##### INFORMATION GIVEN
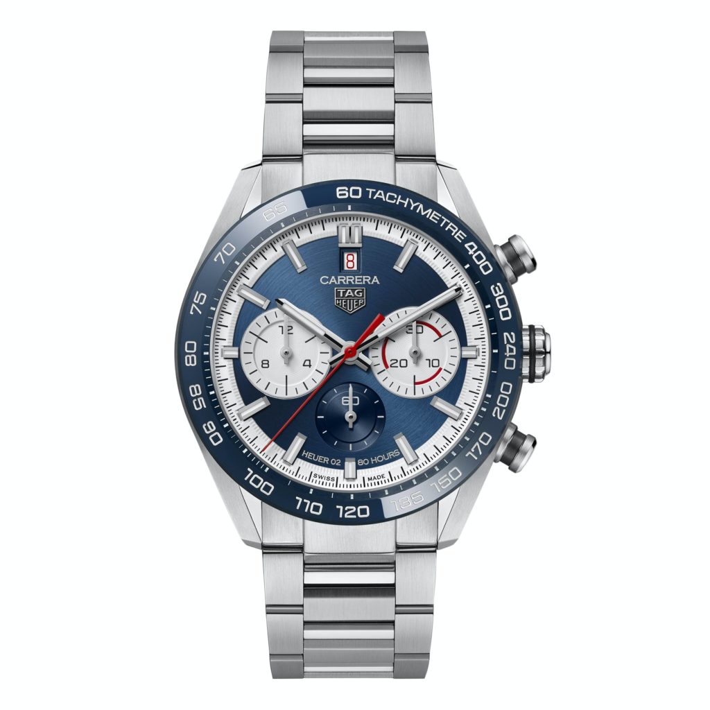 The new Carrera Sport Chronograph 160 Years Special Edition watch (not saying that mouthful again) uses the same modern-looking case with bracelet and bezel that other Carrera models use. That means you’re looking at a diameter of 44mm with short lugs that taper downwards and a solid steel H-link bracelet. There’s also a ceramic bezel on this one, if you go for the white circular brushed dial then that bezel is black, but it is blue on the blue circular brushed dial watch. The case is also 100m water resistant, but I wouldn’t expect the chronograph to be operable whilst submerged.
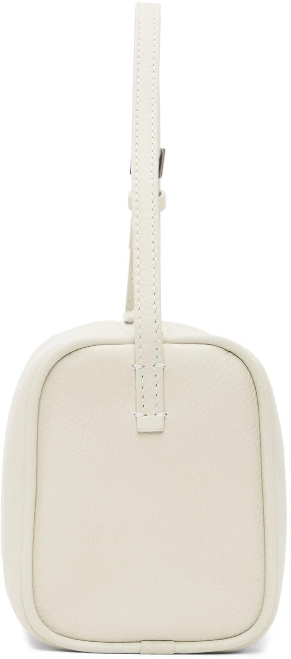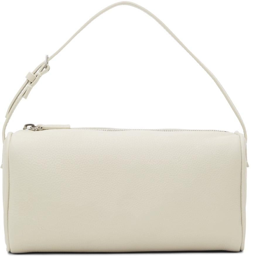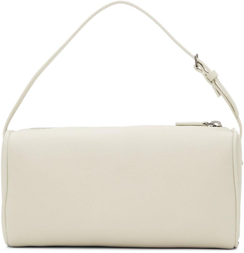 Grained calfskin shoulder bag in off-white. Adjustable shoulder strap featuring pin-buckle fastening. Zip closure. Embossed logo at side. Tonal nappa leather lining. Silver-tone hardware. Approx. 7.5 length x 3.5 height x 2.75 width. Supplier color: Ivory Calfskin. Brand: The Row
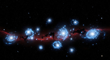 This image captures a stunning view of a galactic cluster in deep space. Multiple spiral galaxies are visible, each exhibiting vibrant colors and intricate structures. The central galaxy is the most prominent, surrounded by smaller galaxies in various stages of formation and interaction. The backdrop is filled with countless stars and distant celestial bodies, highlighting the vastness and beauty of the universe.
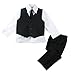 This complete suit is tailored trimmer than our popular classic fit tuxedo. The suit has narrower lapel and slightly tapered waist, narrower through body and longer jacket length. The front upper pocket is sewn shut at delivery but can be opened to accomodate a hankerchief. Vest has adjustable strap at back. For size 2T-4T, pants has flat front and elastic back. For size 5 to 20, pants has button zipper front and elastic sides.
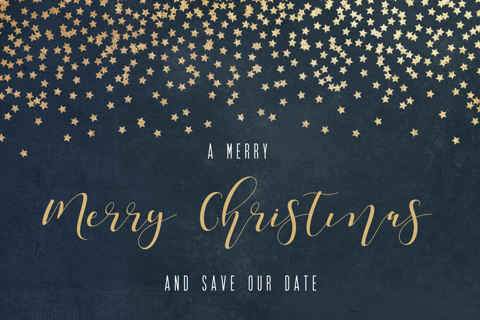 Weihnachtliche Save the Date-Karte in Blau mit Sternen
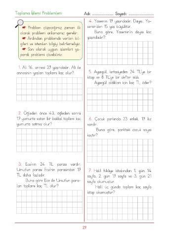 Toplama İşlemi Problemleri Adı: ....................... Soyadı: ...........................
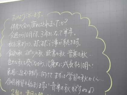 体育大会の次は、合唱コンクール。担任の先生からの週明け黒板メッセージでも話題になっています。
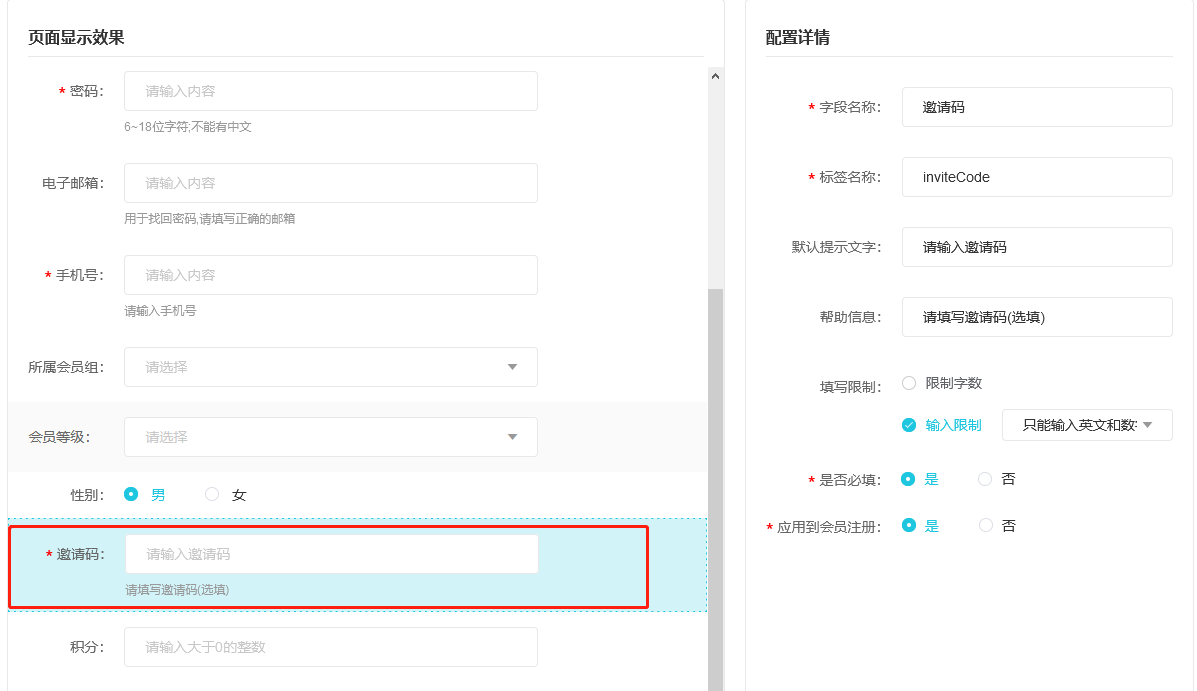 我将这个邀请码字段应用到会员注册,但是在注册界面填写后并没有存入对应的表里,是不是register方法里没有写这个操作
##########
TRY IT: Transcribe the listing above in full. Pictures are not part of the copy.

WRITTEN REPLY:
 The new Carrera Sport Chronograph 160 Years Special Edition watch (not saying that mouthful again) uses the same modern-looking case with bracelet and bezel that other Carrera models use. That means you’re looking at a diameter of 44mm with short lugs that taper downwards and a solid steel H-link bracelet. There’s also a ceramic bezel on this one, if you go for the white circular brushed dial then that bezel is black, but it is blue on the blue circular brushed dial watch. The case is also 100m water resistant, but I wouldn’t expect the chronograph to be operable whilst submerged.
 Grained calfskin shoulder bag in off-white. Adjustable shoulder strap featuring pin-buckle fastening. Zip closure. Embossed logo at side. Tonal nappa leather lining. Silver-tone hardware. Approx. 7.5 length x 3.5 height x 2.75 width. Supplier color: Ivory Calfskin. Brand: The Row
 This image captures a stunning view of a galactic cluster in deep space. Multiple spiral galaxies are visible, each exhibiting vibrant colors and intricate structures. The central galaxy is the most prominent, surrounded by smaller galaxies in various stages of formation and interaction. The backdrop is filled with countless stars and distant celestial bodies, highlighting the vastness and beauty of the universe.
 This complete suit is tailored trimmer than our popular classic fit tuxedo. The suit has narrower lapel and slightly tapered waist, narrower through body and longer jacket length. The front upper pocket is sewn shut at delivery but can be opened to accomodate a hankerchief. Vest has adjustable strap at back. For size 2T-4T, pants has flat front and elastic back. For size 5 to 20, pants has button zipper front and elastic sides.
 Weihnachtliche Save the Date-Karte in Blau mit Sternen
 Toplama İşlemi Problemleri Adı: ....................... Soyadı: ...........................
 体育大会の次は、合唱コンクール。担任の先生からの週明け黒板メッセージでも話題になっています。
 我将这个邀请码字段应用到会员注册,但是在注册界面填写后并没有存入对应的表里,是不是register方法里没有写这个操作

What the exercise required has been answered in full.